Consolidation stress (σ_w): 5.0 kPa
Wall shear stress (τ_w): 2.1 kPa
Unconfined yield strength (σ_unconfined): 2.5 kPa
Major consolidation stress (σ_{consolidation}): 10.0 kPa

Step-by-Step Calculation:

Calculate the wall friction angle (φ_w) in degrees. The coefficient of wall friction is defined as the ratio of wall shear stress to consolidation stress: \[ \tan(\phi_w) = \frac{\tau_w}{\sigma_w} = \frac{2.1}{5.0} = 0.420 \] \[ \phi_w = \arctan(0.420) \approx 22.782^\circ \]
Calculate the flow function coefficient (ffc). The ffc is the ratio of the major consolidation stress to the unconfined yield strength: \[ ffc = \frac{\sigma_{consolidation}}{\sigma_{unconfined}} = \frac{10.0}{2.5} = 4.000 \]
Classify the flowability based on the calculated ffc.
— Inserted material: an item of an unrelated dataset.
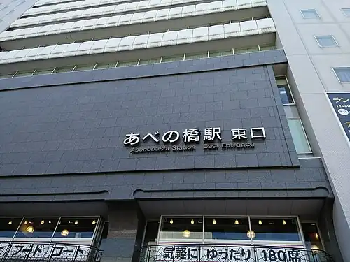Ōsaka Abenobashi Station (大阪阿部野橋駅, Ōsaka-Abenobashi-eki; station number: F01) is a railway station on Kintetsu Minami Osaka Line in Abeno-ku, Osaka, Japan. The station is also called "Abenobashi Station" (あべの橋駅).

Given the range thresholds (Poor: < 2.0, Moderate: 2.0–4.0, Good: 4.0–10.0), an ffc of 4.000 indicates the transition between moderate and good flow.

Final Answer:

The calculated wall friction angle is 22.782 degrees, and the flow function coefficient is 4.000. Based on these results, the material is classified as having Good flowability.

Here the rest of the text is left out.